Ama şimdi başka bir aşamaya geçtiğimiz anlaşılıyor. Erdoğan’ın rasyonelleri ile sermayenin rasyonelleri arasında bir türlü uzlaşamayan bir çelişki belirdi. Her ne kadar bu tür uyumsuzlukları çoğu zaman abartmamak gerekse de krizin derinleştiği dönemlerde belirleyiciliği artan bir çatışma bu.
Şu anda BİM krizinde ve sermaye sınıfının uluslararası sisteme entegre olan kesiminin Millet İttifakı ile olan açık flörtünde gördüğümüz gibi Erdoğan için işler zorlaşıyor. İster adına Bonapartizm deyin ister başka bir şey deyin, Erdoğan’ın sermaye gruplarının karşısında zaman zaman görünür olan “görece” özerk çıkışları sert bir biçimde sermaye sınıfının piyasayı yöneten ve bireylerin tek tek inisiyatiflerinden bağımsız olarak nesnelleşmiş altın kurallarına çarptı.
Gıda kâbusu
Erdoğan’ın seçim yürüyüşünde kendisine ayakbağı olabilecek birçok zayıf nokta olabilir ama bunların en zayıfının gıda fiyatları olduğunu unutmamak gerekiyor.

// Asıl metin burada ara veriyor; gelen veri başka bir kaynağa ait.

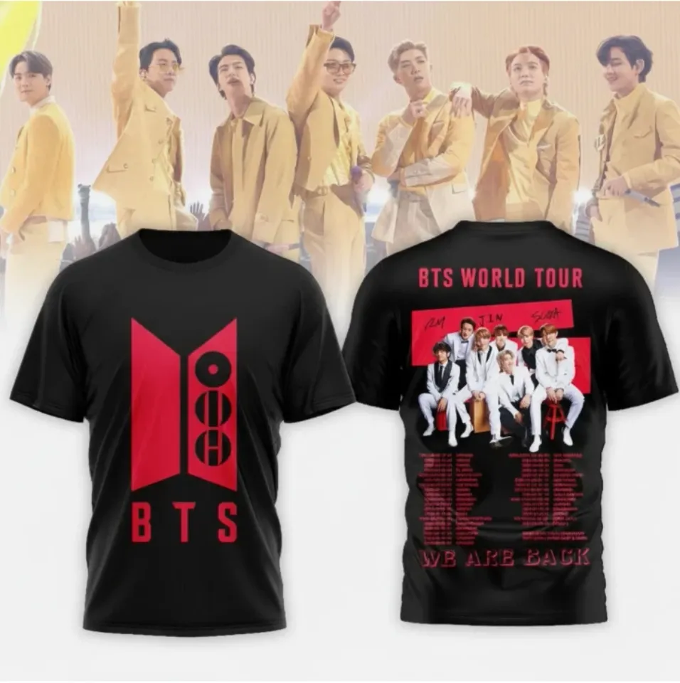 Shop for attractive BTS We Are Back World Tour 2026 Black & White T-Shirt 3D or see more 3D T Shirts products on https://printblur.com right now!

Erdoğan’ın uykularını kaçıracak olan şey belki Millet İttifakı’nın adayının yaratacağı olası etki, dış politikadaki açmazlar ya da içerideki krizler değil, milyonların gıdaya erişim konusunda yaşadıkları büyük problemlerdir. Gıda krizi, gıda enflasyonu, pahalılık her neyse… Milyonların açlık düzeyinde seyreden durumu Erdoğan’ı bir şeyler yapmaya zorluyor.

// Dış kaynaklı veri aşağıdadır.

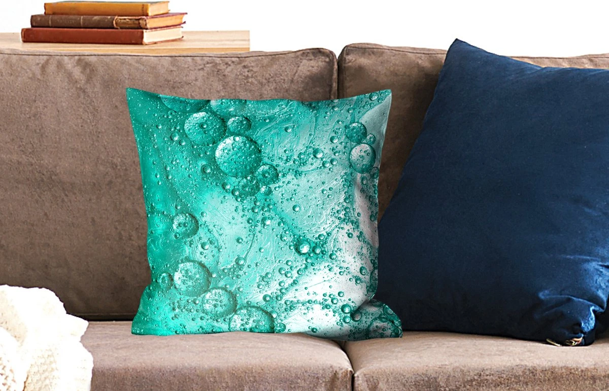 Sierkussen – Druppels op een turquoise achtergrond – Kussens woonkamer

BİM’de cisimleşen öfke aslında tüm zincir marketlere yönelik bir öfke. Stokçuluk ve fiyat arttırımı konusunda bu zincir marketlere karşı girişilen savaş retorik düzeyde bir savaş değil. Bu gerçek bir savaş. Üstelik bu zincir marketlerin stokçuluk ve fiyat yükseltimi yaptıkları da (artan maliyetlerden bağımsız olarak söylüyorum) yüksek bir olasılık. Neden mi? Çünkü bir kapitalist-hele ki tekelleşmişse- sermayesini büyütürken Erdoğan’ın bekasını düşünmek zorunda değil. Artık Erdoğan’ın seçim hesabının ötesinde bir hesap belirleyici etkendir. Hele bir de iktidarı elinde tutan blokta merkezkaç kuvvetler harekete geçmiş, devlet içi kriz derinleşmiş, herkes kendi kendini kurtarma derdine düşmüşse.